Before I get to the interesting news, I wanted to point out that I released the Malware database snapshot. This is essentially the same thing as the random dataset, but the content is derived from malware. I am refining some of my data before I release the full database, but expect to see that pop-up soon. If you are interested in viewing the malware data you can see it by here.
Now on to the cooler part of the posting – testing results from the score tool. For testing I made a slight modification to the tool and added the ability to see the filename on the same line as the score itself. This made life a lot easier because I could then pipe all results to grep and filter strictly on high scores only.
I decided it was best to use a few different sets of data that I had laying around to ensure I was getting a wider range of results. On my machine I had about ~1000 PDF files – 600 downloaded from known MDL sites using dirtyhands, 100 downloaded from Google using bighands and 100 given to me from other security researchers. Of all the files scanned I collected 10 new malware samples and had one false positive. The false positive occurred in the MDL data and was verified to be clean by using VT and Wepawet.

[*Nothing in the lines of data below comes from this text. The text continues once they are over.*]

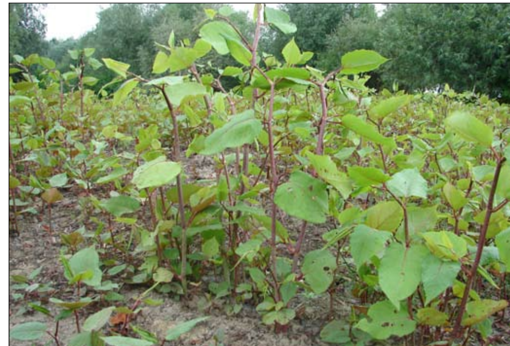
Fot. 3. Zwalczanie inwazyjnych gatunków obcych jest niełatwe! Rdestowce ( Reynoutria ) regenerujące się po próbach ich zwalczania.

Truizmem jest, że tak rozumiane mokradła mają kluczową rolę dla zachowania różnorodności biologicznej. Jeśli przeanalizujemy różne, tworzone od kilkadziesiąt lat, czerwone listy ginących gatunków roślin lub zwierząt, to zauważymy, że dominują na nich właśnie gatunki związane z siedliskami mokradłowymi. Ponad połowa gatunków kręgowców uznanych za zagrożone i ginące, zamieszczonych w „Polskiej Czerwonej Księdze Zwierząt”, jest bezpośrednio lub pośrednio związana z mokradłami. Gatunki roślin związane z mokradłowymi siedliskami skrajnymi stanowią ponad 50% gatunków roślin uwzględnionych na Czerwonych Listach i objętych w Polsce ochroną prawną. Podobnie zdominowane przez rośliny i zwierzęta wodno-błotne są wykazy gatunków uznanych za zagrożone, będące załącznikami do dyrektyw Unii Europejskiej o ochronie siedlisk, czy choćby listy gatunków chronionych w różnych krajach. Fakt znalezienia się licznej grupy gatunków mokradłowych na wymienionych listach świadczy oczywiście o stopniu degradacji i zagrożenia ich siedlisk, jednocześnie jednak wskazuje na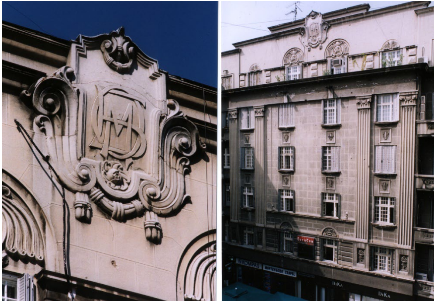
Београд, Обилићев венац 26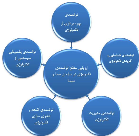
شکل ۱: مدل ارزیابی سطح توانمندی فناوری برآزش شده در سازمان صداوسیما [۱۰]

جهت ارزیابی شاخص‌های توانمندی فناوریانه در سازمان صداوسیما از مدل بومی شکل شماره ۱ که براساس پژوهشی اختصاصی توسط خمسه و رمضانی (۱۳۹۵) حاصل گردیده، استفاده شده است.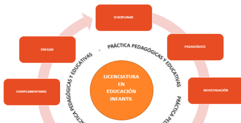
Figura 2. Esquema curricular Licenciatura en Educación Infantil

Para responder a estos retos, el programa ha diseñado su estructura a partir de seis componentes y un énfasis que están centralizados en el desarrollo de las prácticas pedagógicas y educativas, en tanto se considera que este proceso se constituye en sí mismo un escenario de aprendizaje, que fundamenta y fortalece el saber y quehacer docente.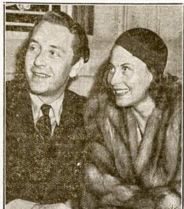
Francūzai dramos artistai, Michele Morgan, dešinė, ir Paul Henreid. Jėdu šiom dienom vaidina New Yorke dramoje "Joan of Paris."

BERLYNAS.—Hitleris informavo laikraštį "Voelkscher Beobachter", kad Sovietų Sąjunga netekusi 8,000,000 karių užmuštis, sužeistais ir į nelaisvę paimtais.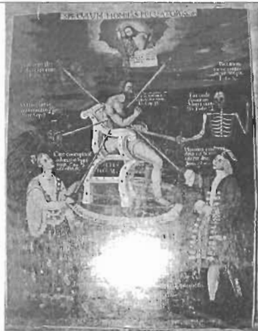
Título: " Hombre pescador " Autor: Anónimo Técnica: Óleo/Tela Dim: 192 x 136 cms Época: Virreinal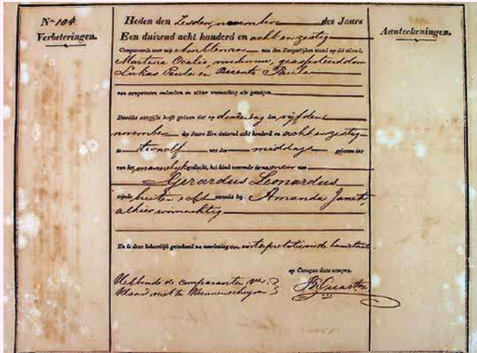
Het is handig om bij Curaçaose families ook te zoeken via de site van het Nationaal Archief in Willemstad.

B esef dat het moeilijk is in te schatten hoe ver terug je uiteindelijk zult komen. Het kan ontzettend tegenvallen als je door bronnengebrek al snel op een doodlopende weg zit.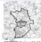
ORIENTACJA 1:100 000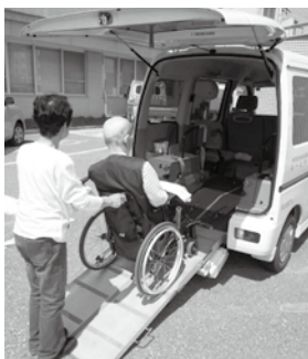
病院への送迎サービス

2. 外出困難者への支援 ① 現在無償で行っている、体が不自由な方の病院送迎サービスは、今後利用者が増加が見込まれるため、利用者から実費負担を求めた福祉有償運送に切り替えます。

I need to do further analysis on the new malware samples collected, but one appeared to be using an exploit I had not seen within my other collected results. Another blog entry will be posted on the details of the newly collected files before they are added into the rest of the collection. Continuing on with the project, I want to begin collecting/storing more data and put the scoring tool to work (constant scans of files from Google) to identify any issues. I emailed Didier Stevens about the updates I made to his tool and I am currently waiting on a response to see if he would like to include it.